◆ Try it
Exclude all pictures, then write out exactly the lines below from the first one through the line with "δεν θα ψήφιζε.".

◆ Data segment
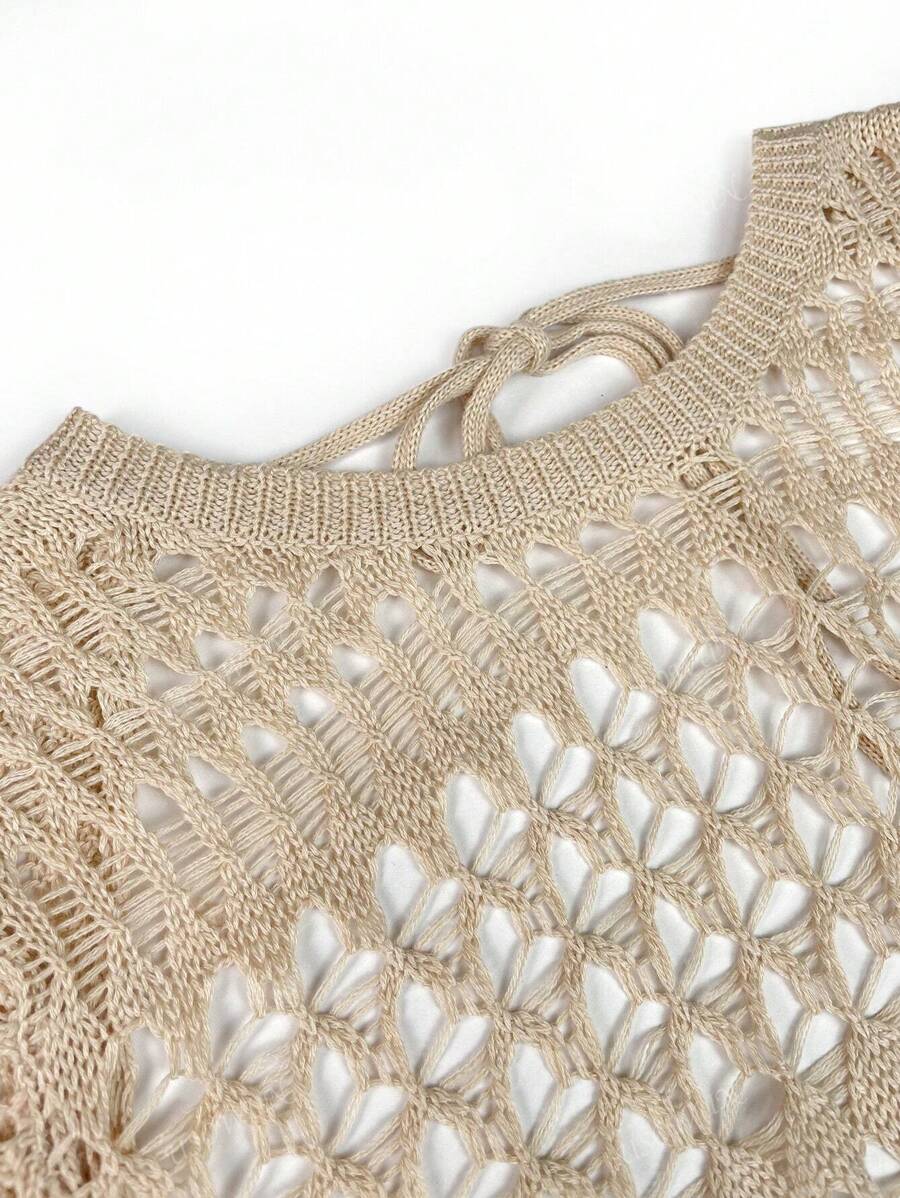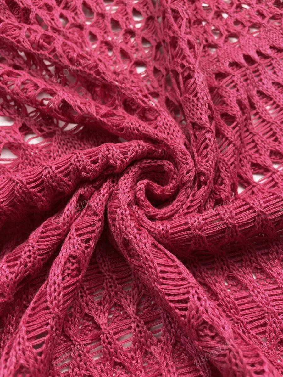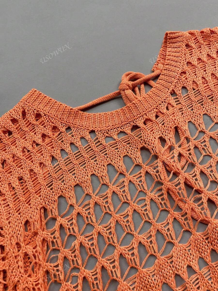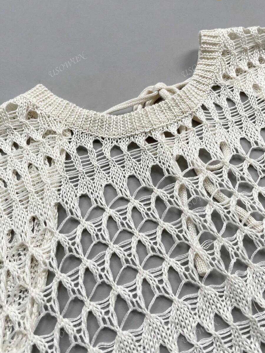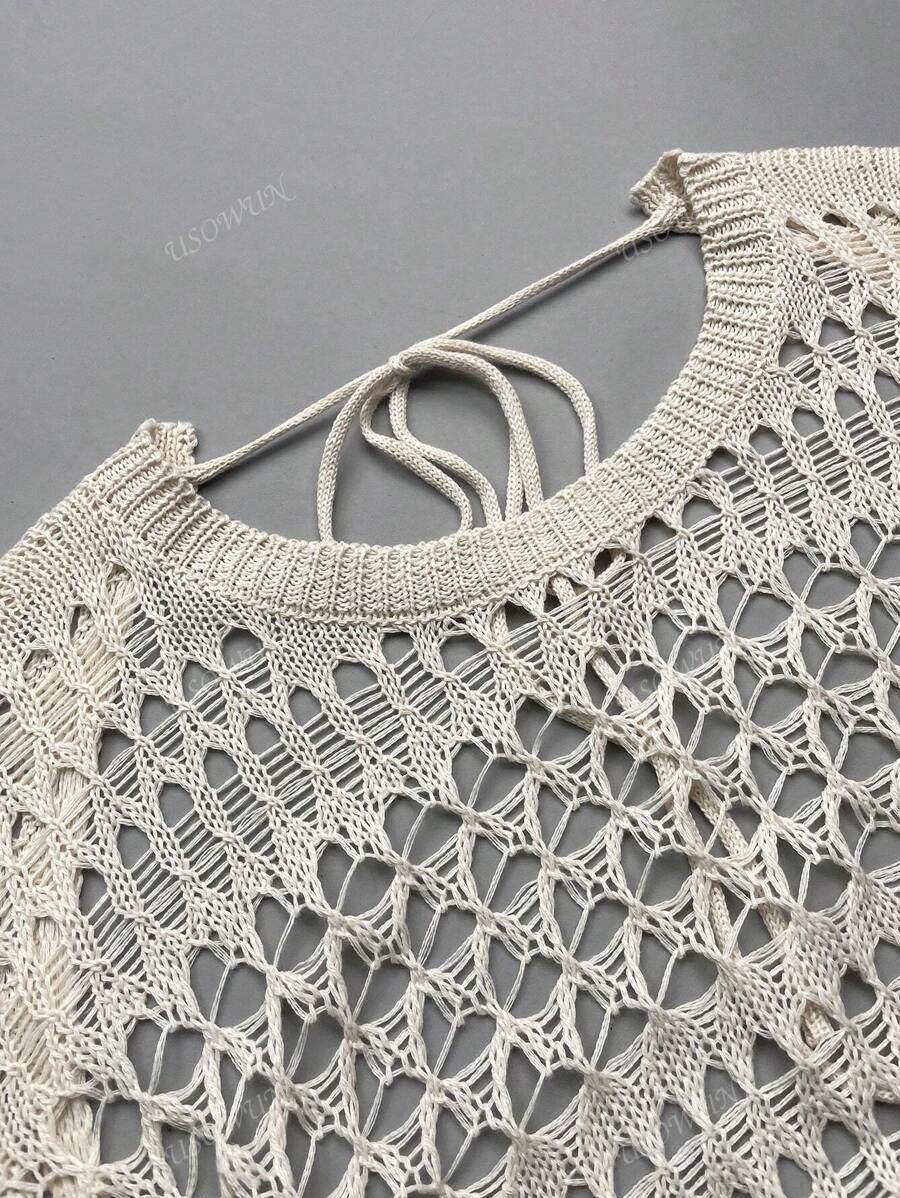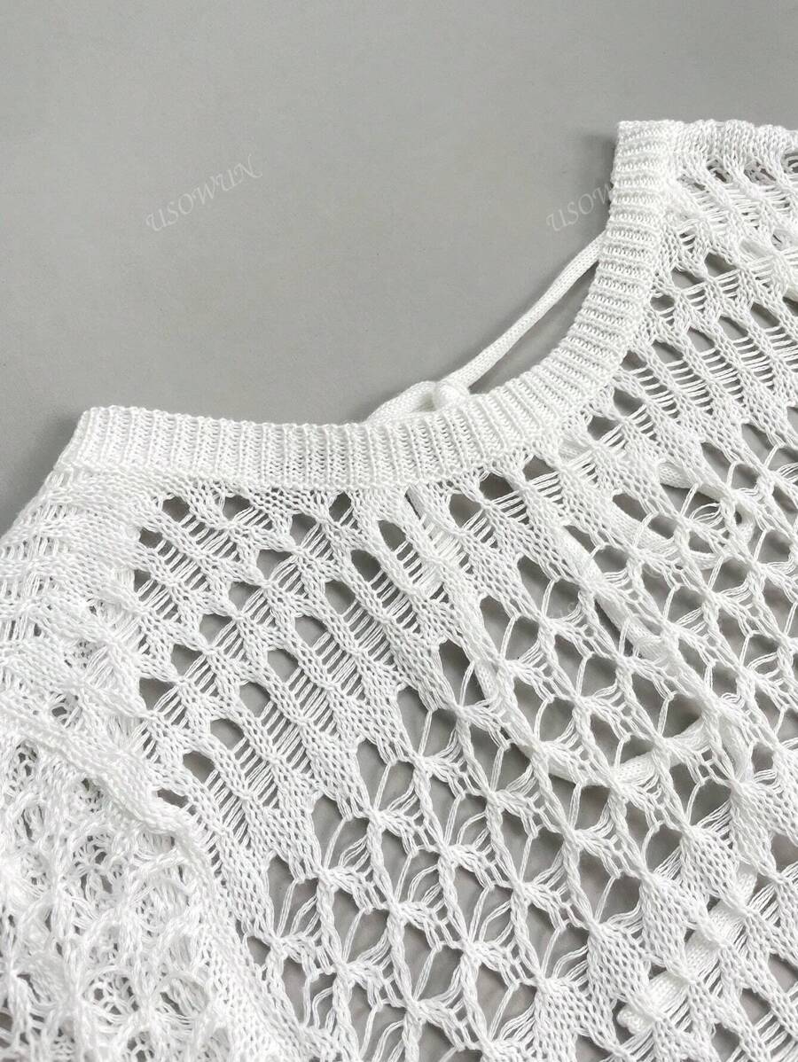 Vestido crochet de manga larga con espalda descubierta, estilo bohemio y sexy, para uso como cubrecosturas en la playa, de color amarillo pollito para mujer, para primavera y verano
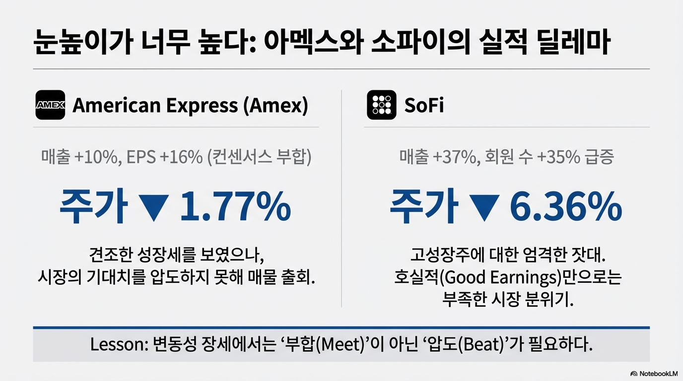 아메리칸 익스프레스는 매출이 10% 성장했고, 소파이(SoFi)는 매출이 37%, 회원이 35%나 증가하는 훌륭한 실적을 거두었습니다. 하지만 두 기업의 주가는 각각 1.77%, 6.36% 하락했습니다. 이유는 단 하나, 그 실적이 '시장에서 예상하던 수준에 부합하는' 정도였기 때문입니다.
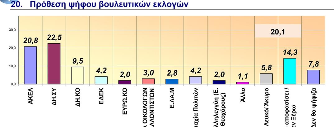 Στην ερώτηση «τι θα ψηφίζατε αν γίνονταν αύριο βουλευτικές εκλογές» ο ΔΗΣΥ διατηρεί την πρωτιά (22,5%), με το ΑΚΕΛ όμως να ακολουθεί στο 20,8% με διαφορά μόλις 1,7%. Το ΔΗΚΟ συγκεντρώνει 9,5%, η ΕΔΕΚ και η Συμμαχία Πολιτών μοιράζονται την τέταρτη θέση με 4,2%, το Κίνημα Οικολόγων εξασφαλίζει 3%, ενώ ακολουθούν το ΕΛΑΜ και το ΕΥΡΩΚΟ με 2,8% και 2% αντίστοιχα. Σημειώνεται ότι η δημοσκόπηση ήταν σε εξέλιξη όταν ανακοινώθηκε η συνεργασία με την Αλληλεγγύη, που στην έρευνα συγκεντρώνει 2%. Ποσοστό 14,3% δηλώνει ότι δεν αποφάσισε, 5,8% δηλώνει ότι επιλέγει λευκό/άκυρο και ποσοστό 7,8% ότι δεν θα ψήφιζε.
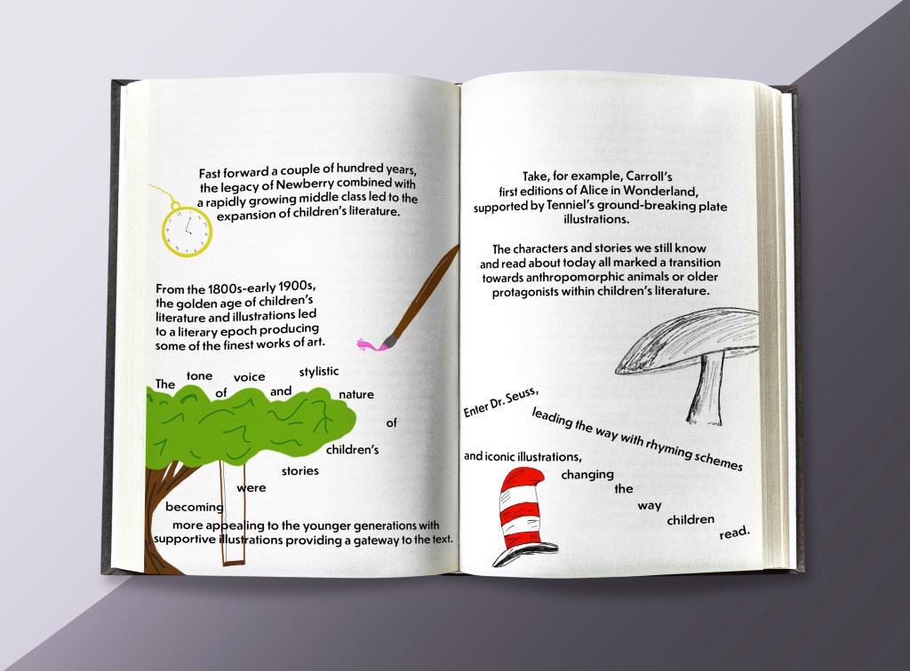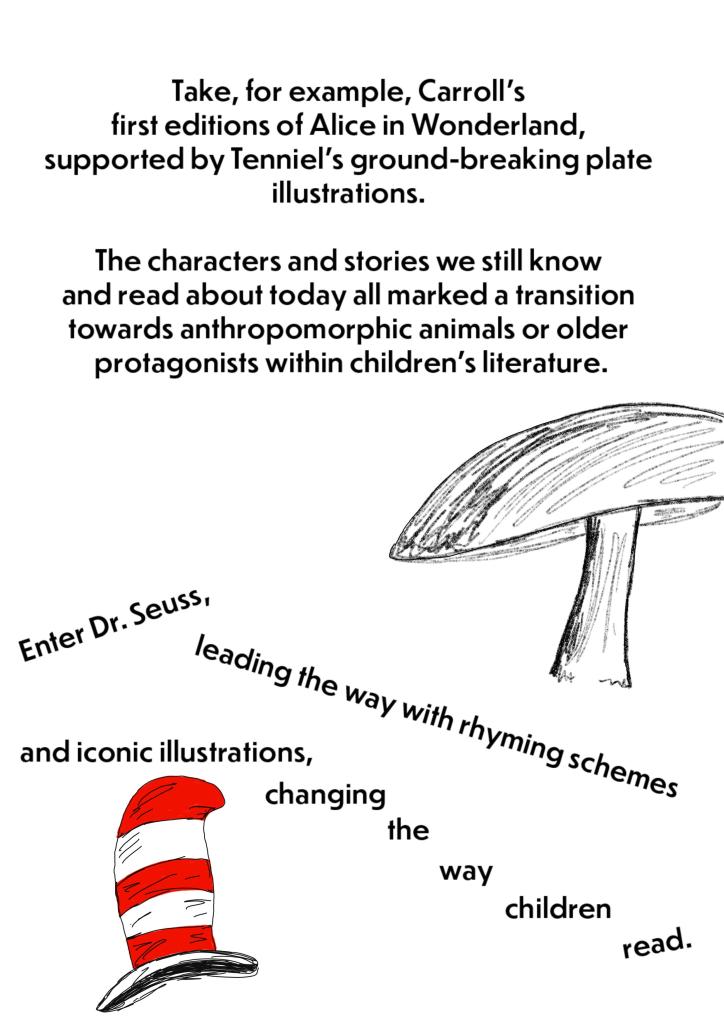 Fast forward a couple of hundred years, the legacy of Newberry combined with a rapidly growing middle class led to the expansion of children’s literature. From the 1800s-early 1900s, the golden age of children’s literature and illustrations led to a literary epoch producing some of the finest works of art. The tone of voice and stylistic nature of children’s stories were becoming more appealing to the younger generations with supportive illustrations providing a gateway to the text. Take, for example, Carroll’s first editions of Alice in Wonderland, supported by Tenniel’s ground-breaking plate illustrations. The characters and stories we still know and read about today all marked a transition towards anthropomorphic animals or older protagonists within children’s literature. Enter Dr. Seuss, leading the way with rhyming schemes and iconic illustrations, changing the way children read.

◆ Solved exercise
 Vestido crochet de manga larga con espalda descubierta, estilo bohemio y sexy, para uso como cubrecosturas en la playa, de color amarillo pollito para mujer, para primavera y verano
 아메리칸 익스프레스는 매출이 10% 성장했고, 소파이(SoFi)는 매출이 37%, 회원이 35%나 증가하는 훌륭한 실적을 거두었습니다. 하지만 두 기업의 주가는 각각 1.77%, 6.36% 하락했습니다. 이유는 단 하나, 그 실적이 '시장에서 예상하던 수준에 부합하는' 정도였기 때문입니다.
 Στην ερώτηση «τι θα ψηφίζατε αν γίνονταν αύριο βουλευτικές εκλογές» ο ΔΗΣΥ διατηρεί την πρωτιά (22,5%), με το ΑΚΕΛ όμως να ακολουθεί στο 20,8% με διαφορά μόλις 1,7%. Το ΔΗΚΟ συγκεντρώνει 9,5%, η ΕΔΕΚ και η Συμμαχία Πολιτών μοιράζονται την τέταρτη θέση με 4,2%, το Κίνημα Οικολόγων εξασφαλίζει 3%, ενώ ακολουθούν το ΕΛΑΜ και το ΕΥΡΩΚΟ με 2,8% και 2% αντίστοιχα. Σημειώνεται ότι η δημοσκόπηση ήταν σε εξέλιξη όταν ανακοινώθηκε η συνεργασία με την Αλληλεγγύη, που στην έρευνα συγκεντρώνει 2%. Ποσοστό 14,3% δηλώνει ότι δεν αποφάσισε, 5,8% δηλώνει ότι επιλέγει λευκό/άκυρο και ποσοστό 7,8% ότι δεν θα ψήφιζε.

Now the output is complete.